Looking at your script, it does not look like you are adding a value for the -Name parameter. Is that intentional or just for the purposes of posting? The -Name parameter requires an A-Z for drive letters when using the -Persist parameter. Using New-PSDrive would be the same as using net use to map network drives.
Per Microsoft’s documentation, you are correct. In order for New-PSDrive to map indefinitely, you need to dot-source your script.
“When you scope the command locally, that is, without dot-sourcing, the Persist parameter does not persist the creation of a PSDrive beyond the scope in which you run the command. If you run New-PSDrive inside a script, and you want the new drive to persist indefinitely, you must dot-source the script. For best results, to force a new drive to persist, specify Global as the value of the Scope parameter in addition to adding Persist to your command.”
I can not use the Microsoft GPO because the mapping is to a machine on a workstation in our DMZ, and all my users are in a domain. GPOs will not allow me to enter the login information for an account outside of the domain due to security vulernabilities this feature was removed in 2013 I think…so the straight GPO method does not work in this case.
I do have a letter assigned in the script…I pulled it out for security reasons and added <Removed>, but for some reason it is not showing my <REMOVED> quotes. We will say I have the script written with -drive Z for poops and giggles.
Are you saying to just combine the two scripts into one?
So add the . \NetworkShare\MapDrive.ps1 inside of the the MapDrive.ps1 script? Would this not call itself and turn into an infinate loop where it would start the script and the first line would then start the script again which would then call to start the script again, etc…?
I would defiantly suggest that you would investigate having a domain controller in a segmented part of your DMZ and having specific FW network rules to allow for authentication. Having a local script while seems like the easier option here however secure-string passwords can be decrypted using the same user context it’s less secure.

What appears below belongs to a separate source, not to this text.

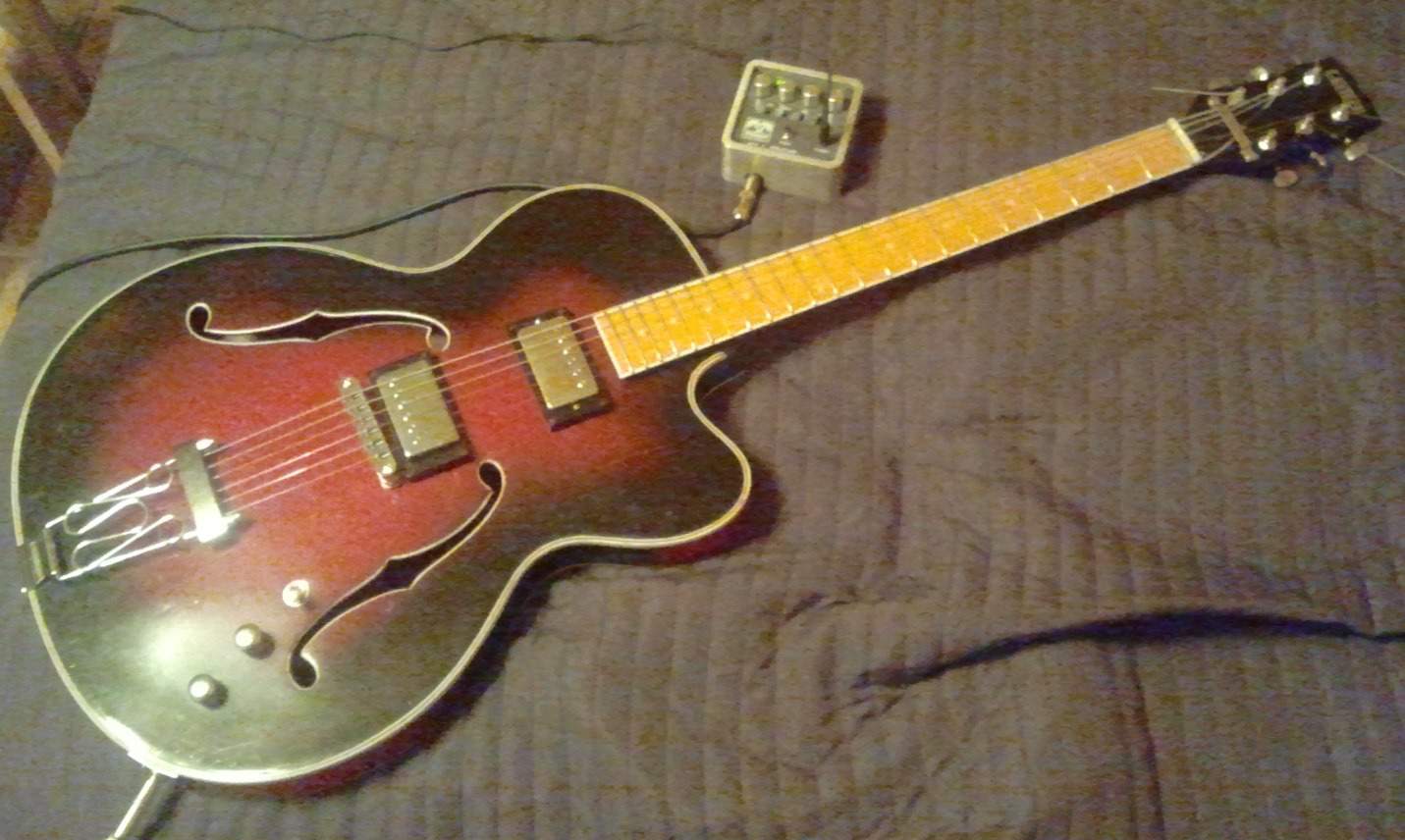 Короче конструктор, боди Музима, гриф Грейч, в неке Сет Ловерс,в бридже кореец пафовый.Звучит замечательно, надо только струны потольше.
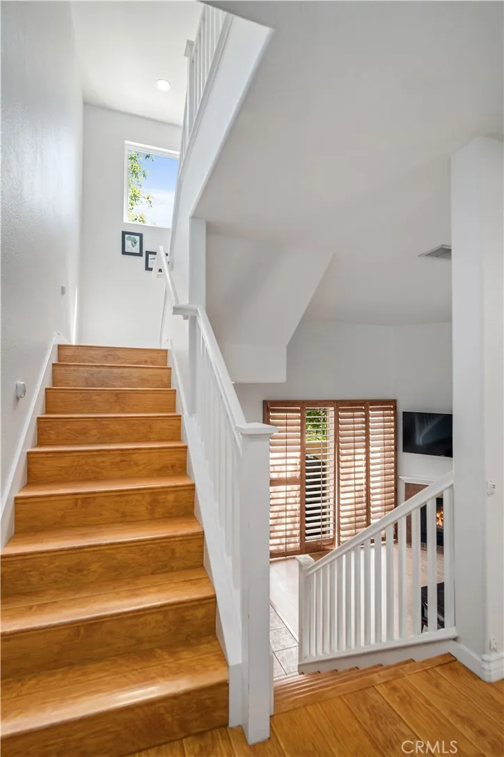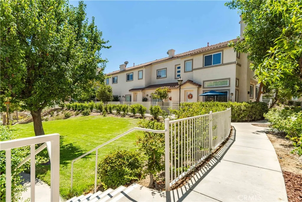 Fantastic, Turnkey 3 Bed 3 Bath Townhome. Located in the highly desirable Stevenson Ranch Community, this beautiful home offers 1,614sqft of living space, 2 car attached garage and a great floorplan. Entering the home, you will enjoy the high ceilings and crisp light of the versatile space perfect for a living room or sitting area, w/gas fireplace and access to the front patio. Moving up a short flight of stairs, you arrive at the mid level of the home that hosts a half bath and wonderful space that overlooks the entry and offers more versatility. From here there are sightlines to the beautifully updated kitchen featuring custom cabinetry w/pantry including pull-out drawers throughout for maximum convenience and LED recessed lighting seen throughout the home. The kitchen also offers stainless steel appliances, new ceiling fans & updated light switches w/dimmers. The kitchen is open to yet another sizable space, perfect for a family room or dining area. Proceeding to the top floor you will enjoy a large window that provides beautiful natural light on the open, airy staircase. Your first stop will be the generously sized primary suite that offers a bath with a dual sink vanity, separate shower area and a walk-in closet. Rounding out the upstairs are the remaining two, well appointed bedrooms and shared third bath. Also notable about this home is the newly (2024) upgraded HVAC system w/nest thermostat. Outside the home, you will enjoy the luscious landscaping and the view from your door of the beautiful greenbelt area that leads to the large community pool and spa area. This c

I would defiantly suggest that you would investigate having a domain controller in a segmented part of your DMZ and having specific FW network rules to allow for authentication. Having a local script while seems like the easier option here however secure-string passwords can be decrypted using the same user context it’s less secure.
Cheers,
PSM
[/quote]
Im not really sure how adding a DC to my DMZ would help as the computer we are trying to map the folder to is not domain joined…so I still need the script to input the usable account on the local machine…?
I have read that the encrypted password in the script is not ideal, but its better than nothing at this point until I can find a better path.